Click on the Organisms tab (if not already selected)
Click on the + button next to the
Mucor mucedo
organismConfirm that you want to give access
Now the other user should be able to access your organism, and make any modifications to the annotation (creating genes, structural changes, functional annotation, …). In each gene history, Apollo keeps track of which user performed which operation, so you will always be able to know who did what on the annotation, and blame or credit them. Of course, using the same Sharing tab, you can stop at any time sharing an organism to a whole group or a specific users in a few clicks.
It is of course possible to export all your annotation from Apollo in standard formats, directly from its interface (Ref Sequence
tab), or from Galaxy. If you create your own organism in Apollo, you can choose to make it open to the public, or to restrict it to only your collaborators.
Click on Create your own organism at the beginning to learn more.
Conclusion
Congratulations, you finished this tutorial! By using Apollo and JBrowse, you learned how to manually refine predicted annotations and export them to Galaxy for future analyses. You also learn how to give access to your project at any other researcher, making it a real collaborative solution.
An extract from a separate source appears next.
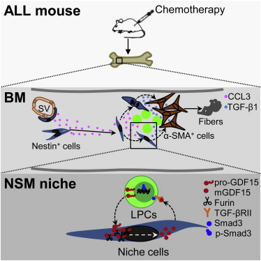 研究人员先将人急性淋巴细胞白血病细胞注入小鼠体内,建立白血病小鼠模型,之后给予化疗,用先进的成像技术等进行观察和研究。发现白血病细胞在骨髓中浸润性生长,在实质性破坏正常骨髓微环境后,给予化疗,白血病干细胞会分泌一些细胞因子,招募和改造骨髓间充质干细胞,建立一个临时的“庇护所”,逃避化疗杀伤。正如地震摧毁了房屋,幸存者搭建一个临时帐篷,度过灾难期。

Although you use a pre-created organism, remember that you can use Galaxy to add your own organism to Apollo, and give access to your project at any other researcher, making it a real collaborative solution.
A similar tutorial for prokaryote genomes exists, using different types of evidence tracks, feel free to have a look at it to learn more.
When refinement is sufficient an updated or new version of the annotation may be exported as GFF3 as well as published as a new JBrowse directory for inspection.
What’s next?
After generating your refined annotation, you’ll want to merge it back into the official gene sets. A future tutorial will show you how to do it within Galaxy.
If a de novo set, you can export it as GFF3 and load it into a tool like Tripal to provide visualization.